Proving that this sum $\sum\limits_{0 < k < \frac{2p}{3}} { p \choose k}$ is divisible by $p^{2}$

How does one prove that for a prime $p \geq 5$ the sum : $$\sum\limits_{0 < k < \frac{2p}{3}} { p \choose k}$$ is divisible by $p^{2}$.

Since each term of $\displaystyle \sum\limits_{0 < k < \frac{2p}{3}} { p \choose k}$ is divisible by $p$, only thing remains is to prove that the sum $$\sum\limits_{ 0 < k < \frac{2p}{3}} \frac{1}{p} { p \choose k}$$ is divisible by $p$.

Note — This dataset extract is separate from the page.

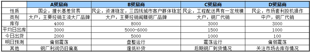 結(jié)論:今日早盤受夜盤期螺下挫、前日成交不暢等影響,商家報(bào)價(jià)多小幅下調(diào),午盤低位成交略有回暖,但市場信心不足,午后低價(jià)資源仍然存在。

How to evaluate this sum: $\displaystyle \frac{1}{p} { p \choose k} = \frac{(p-1)(p-2) \cdots (p-k+1)}{1 \cdot 2 \cdot 3 \cdots k}$

Solution 1:

Since we are working in the field $\mathbb{F}_p$ we can write

$$\frac{(p-1)(p-2) \cdots (p-k+1)}{1 \cdot 2 \cdots k}$$ as

$$\frac{(-1)(-2) \cdots (-(k-1))}{1 \cdot2 \cdots k}$$

= $$\frac{(-1)^{k-1}}{k}$$

Let $N = [\frac{2p}{3}]$ and $M = [\frac{N}{2}]$

Thus what we need is

$$ \sum_{k=1}^{N} \frac{(-1)^{k-1}}{k}$$ $$ = \sum_{k=1}^{N} \frac{1}{k} - 2 \sum_{k=1}^{M}\frac{1}{2k}$$ $$ =\sum_{k=M+1}^{N}\frac{1}{k}$$

Now $N+M+1 =p$ so we can rewrite as

$$\frac{1}{N} + \frac{1}{M+1} + \frac{1}{N-1} + \frac{1}{M+2} + \cdots = $$

$$\frac{p}{N(M+1)} + \frac{p}{(N-1)(M+2)} + \cdots $$

which is $0$.

There are $N-M$ terms, which is even, so each term gets paired off.

Solution 2:

From your last equation one gets $$\frac1p{p\choose k}\equiv(-1)^k\frac 1k\pmod p.$$ So the problem is equivalent to $$\sum_{0 < k < 2p/3}(-1)^k\frac1k\equiv0\pmod{p}.$$

The case $p=1979$ was set as the first problem at the 1979 IMO. The method used for this extends to all primes, and no doubt you can find solutions for the IMO problem out on the interweb.